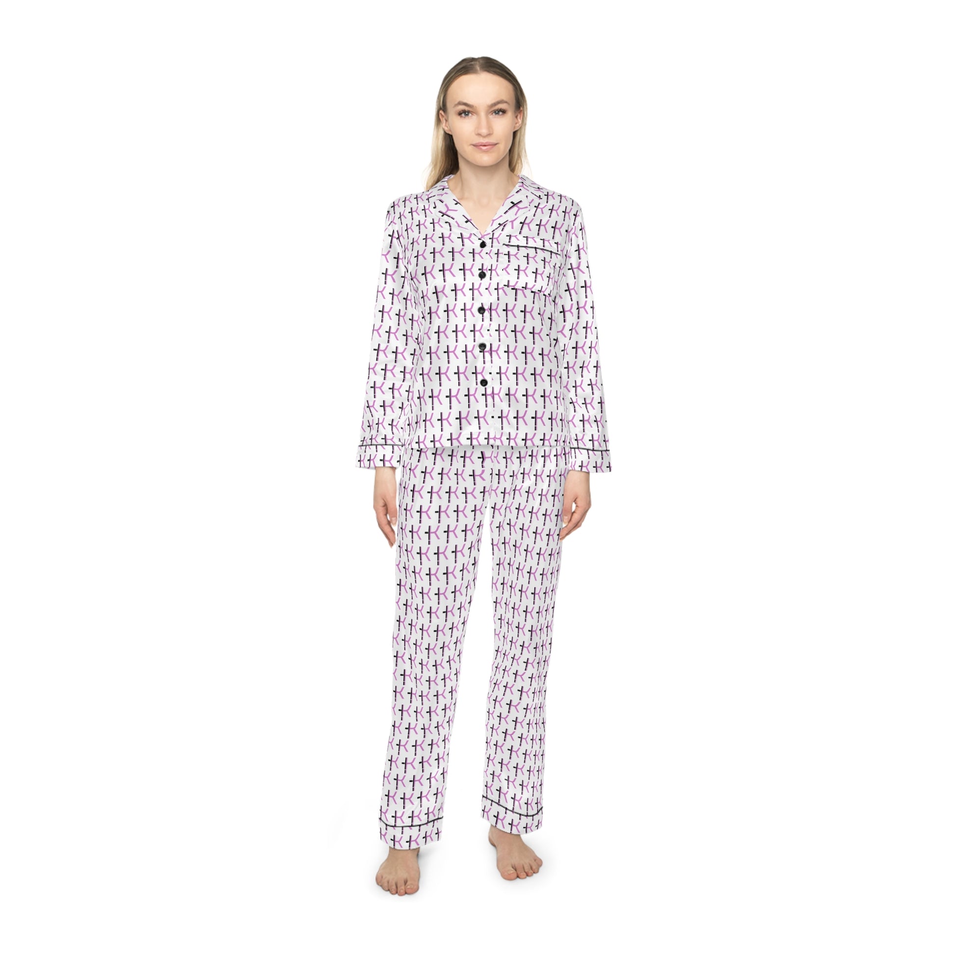 Elegant Women's Satin Pajamas Set - Soft Purple Patterned Sleepwear
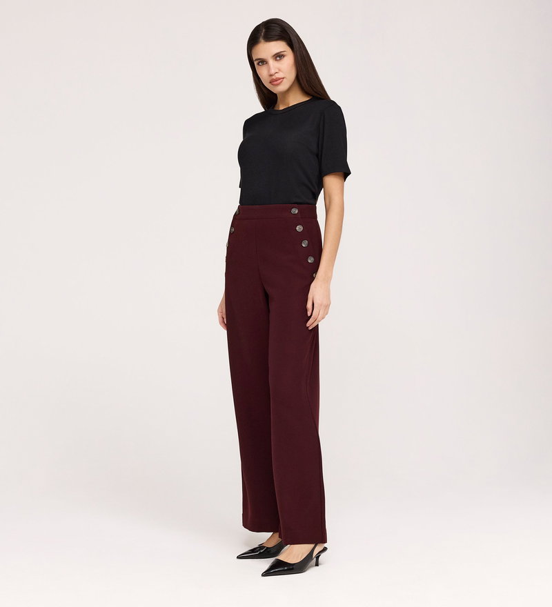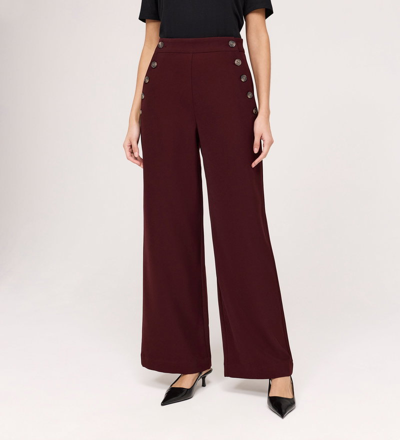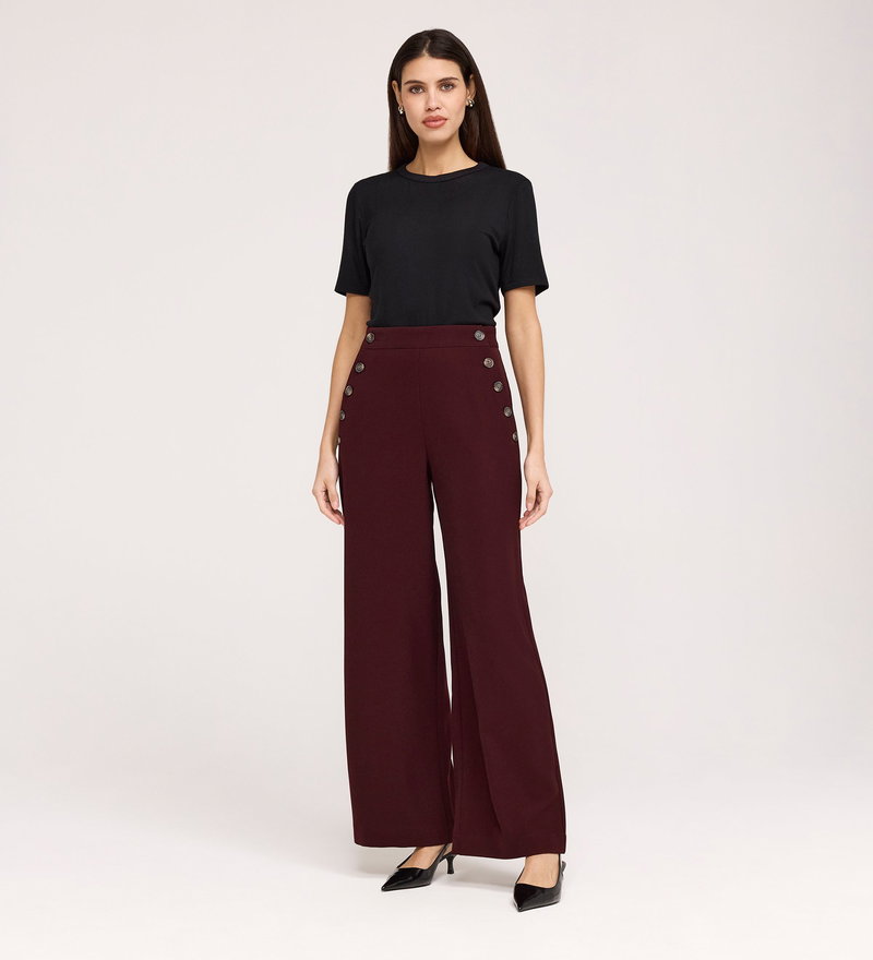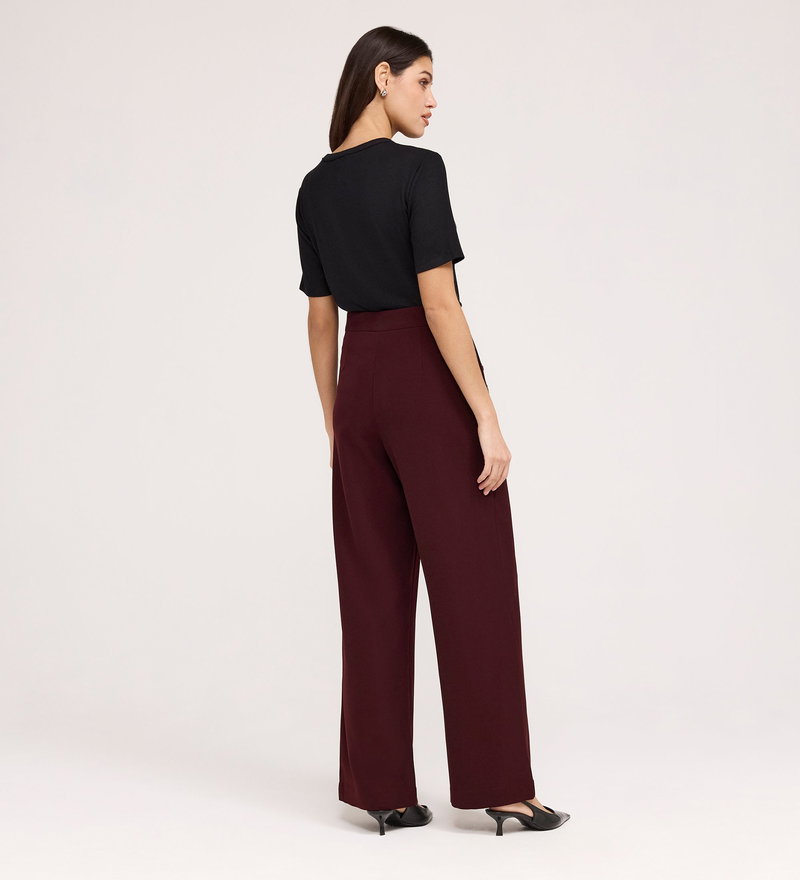 Nellie Burgundy Gaberdine Twill Wide Leg Trousers
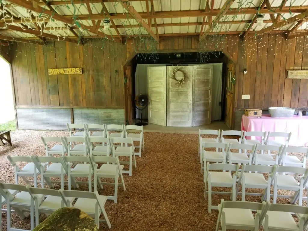 The Open-Air Barn combines rustic charm with functional elegance, offering a covered space that still embraces the outdoors. With its timber framing and open sides, it creates a warm, inviting setting for ceremonies or receptions while keeping guests comfortable. This space is ideal for couples looking for a laid-back, countryside feel with the flexibility to celebrate rain or shine.

■ WHAT IS BEING ASKED: An exact copy is needed of the lines from the start of the listing through the line with "Nellie Burgundy Gaberdine", both end lines included and pictures excluded.

■ TASK RESPONSE:
 Elegant Women's Satin Pajamas Set - Soft Purple Patterned Sleepwear
 Nellie Burgundy Gaberdine Twill Wide Leg Trousers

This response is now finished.